Worker classification. Treating your first international hires as contractors when they're functioning as employees is the classic example. It looks cheaper on the spreadsheet. It is not cheaper. It is a deferred cost, and the deferral compounds: in back taxes, in misclassification claims, in permanent establishment exposure, in the awkward conversation two years later when you try to convert them and they've been operating under contractor terms the whole time.

Wages in lower-cost jurisdictions. Paying the local market rate is legal. Paying a wage that reflects the actual cost of living in that location, plus a fair share of the value that worker creates, is a choice. Companies that make the second choice from the start build loyalty, retention, and a reputation that travels. Companies that make the first choice and try to correct course later find that raising wages is much harder than setting them right initially.
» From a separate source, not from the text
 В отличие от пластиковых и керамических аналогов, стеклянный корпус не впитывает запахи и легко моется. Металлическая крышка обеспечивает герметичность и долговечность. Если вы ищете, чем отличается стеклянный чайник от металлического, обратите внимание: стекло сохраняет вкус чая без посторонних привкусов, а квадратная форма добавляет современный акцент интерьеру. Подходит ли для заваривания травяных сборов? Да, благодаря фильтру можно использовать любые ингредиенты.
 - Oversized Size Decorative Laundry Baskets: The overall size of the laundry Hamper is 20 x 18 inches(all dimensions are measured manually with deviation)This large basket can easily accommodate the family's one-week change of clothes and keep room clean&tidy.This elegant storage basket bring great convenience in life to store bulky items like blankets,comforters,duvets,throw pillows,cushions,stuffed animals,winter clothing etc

Supplier and factory vetting. Most early-stage companies don't directly employ the people who make their products. They contract with manufacturers, often abroad, and inherit whatever those manufacturers' labor practices happen to be. "We didn't know" is not a defense that ages well — not legally in a growing number of jurisdictions, and not reputationally anywhere. Vetting suppliers on labor standards before signing, and writing real audit rights into the contract, is straightforward when you're choosing your first manufacturer. Going back to renegotiate those terms with an entrenched supplier, or switching suppliers entirely once you're locked into production timelines, is the retrofit problem in its purest form.

Working conditions and systems. Breaks, training time, the actual hours it takes to do the job safely, the channels for workers to raise concerns: these are cheap to build into a 30-person company and expensive to install into a 300-person one. The systems you don't build early become the systems you wish you had during your first crisis.
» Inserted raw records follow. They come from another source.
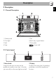 Description EN IT 2 Description 2.1 General Description 1 Control panel 2 Oven light 3 Seal 4 Door 5 Fan 6 Rack/tray support frames 7 Pizza plate Frame shelf 2.2 Control panel 1 Return knob 2 Display Using this knob you can return to the appliance's previous menu item. It also lets you manually turn the oven light on and off. Displays the current time, the cooking parameters, and all the appliance's functions.
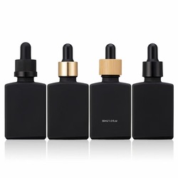 1Oz 30Ml Vierkante Matzwarte Glazen Druppelfles Rechthoekige Baard Etherische Olie Glazen Druppelflesjes
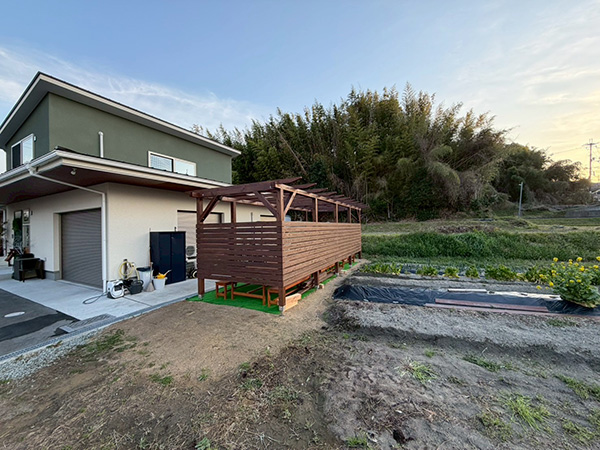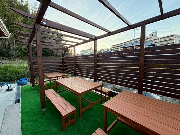 施主様より「生徒が屋外でも学べるスペースをつくりたい」とのご要望をいただき、日差しをやわらかく遮りながら、快適に過ごせる空間をご提案しました。
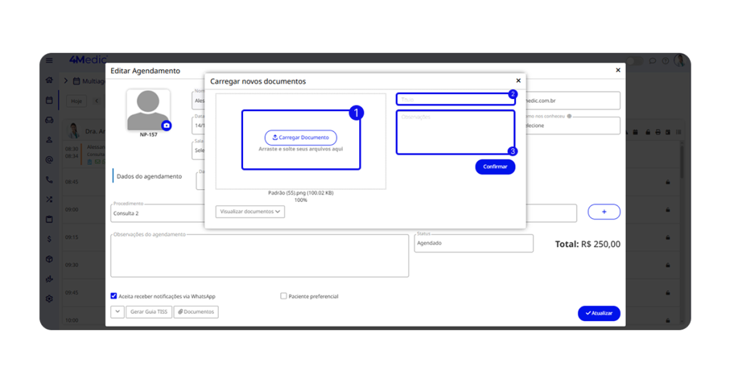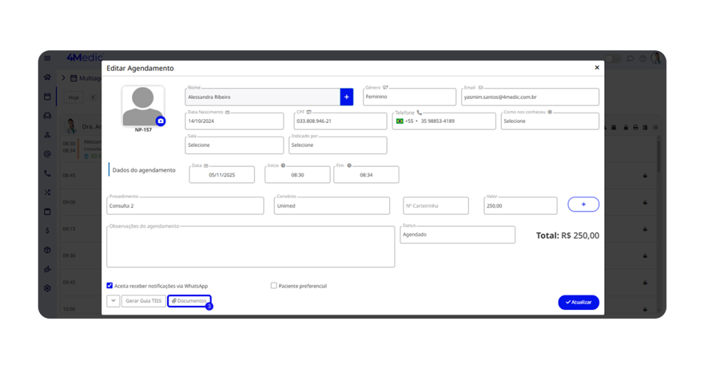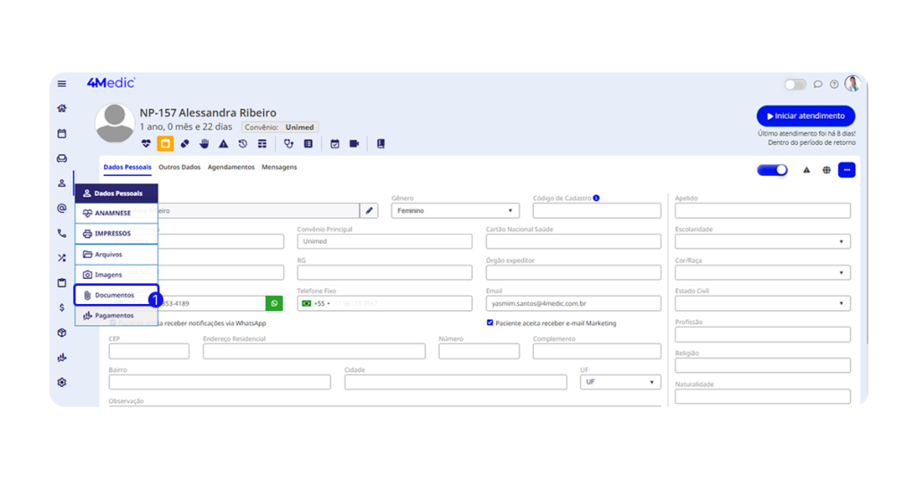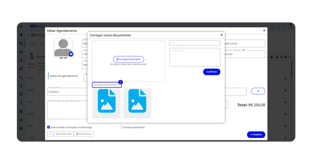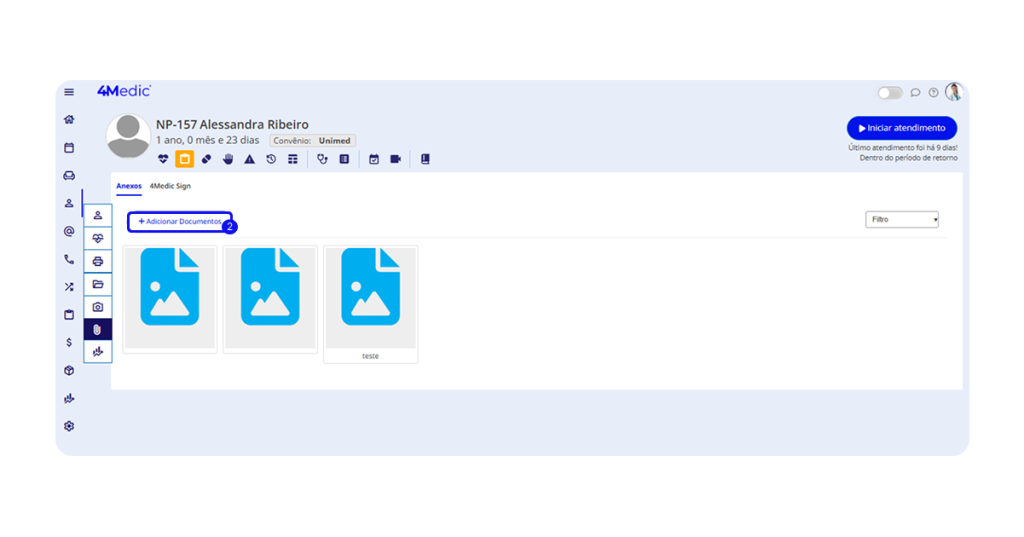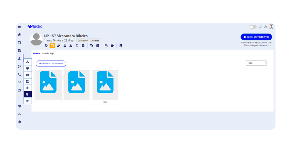 Aprenda a organizar, gerenciar e anexar documentos administrativos do paciente diretamente pela agenda, sala de espera ou prontuário eletrônico. Neste tutorial, você verá como utilizar a aba Documentos, criada para armazenar arquivos administrativos, como comprovantes de pagamento PIX, guias de convênio, comprovantes de endereço, senhas ou outros documentos tragos pelo paciente.
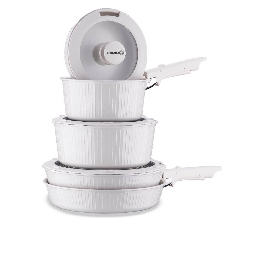 Korkmaz Nova Pratika 8 Parça Bej Tencere Seti: Mutfakta Şıklık ve Fonksiyonelliğin Buluşması
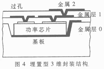以沉积金属膜为基础的互连工艺多采用埋置型三维封装结构,即在各类基板或介质中埋置裸芯片,顶层再贴装表贴元件及芯片来实现三维封装结构。典型结构如图4所示。其特点是蒸镀或溅射的金属膜不仅与芯片的电极相连,而且可以构成电路图形,并连至其他电路。
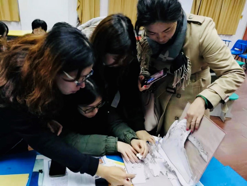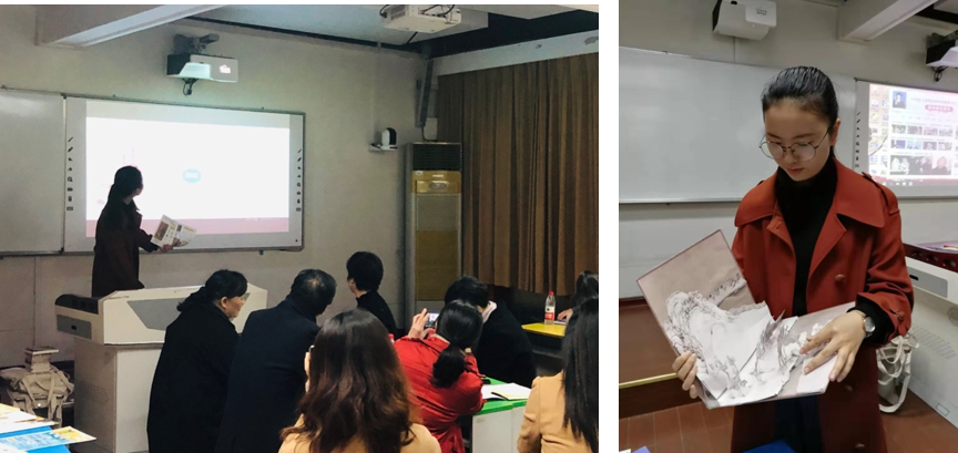 研讨会结束后,钱初熹教授为联盟的教师们发放了她自己亲自选购的中国画名品画册。教师们还观摩了华东师范大学美术教育研究方向研究生们制作的帮助中小学生分析与理解美术作品的学习单、立体作品等,直观感受丰富多样的美术鉴赏教学方法。这些方法给教师们带来了很多启示。

The market rewards companies that get this right. The fair trade label was never the whole point, and it isn't now. The point is that companies built on a realistic cost of labor don't have a crisis to manage later, don't have a misclassification lawsuit to settle, don't have to explain to their Series B investors why labor costs are about to jump fifteen percent because they finally have to true things up. That advantage is available to any company in any sector, not just the ones whose customers are looking for a certification on the package.
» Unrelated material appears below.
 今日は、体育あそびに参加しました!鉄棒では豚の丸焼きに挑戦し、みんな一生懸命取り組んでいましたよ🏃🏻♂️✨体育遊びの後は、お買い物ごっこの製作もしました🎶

Founders sometimes tell me they'll deal with this when they're bigger. The companies that say that and survive long enough to actually deal with it spend years and significant money cleaning it up, or spend an exorbitant amount on PR to try to fool the market into thinking they don’t have a problem. The companies that build it right from the start don't notice the cost, because the cost was always going to be there. They just paid it on time.

Patagonia's retrofit work is admirable. It's also a cautionary tale. You don't have to do it the hard way.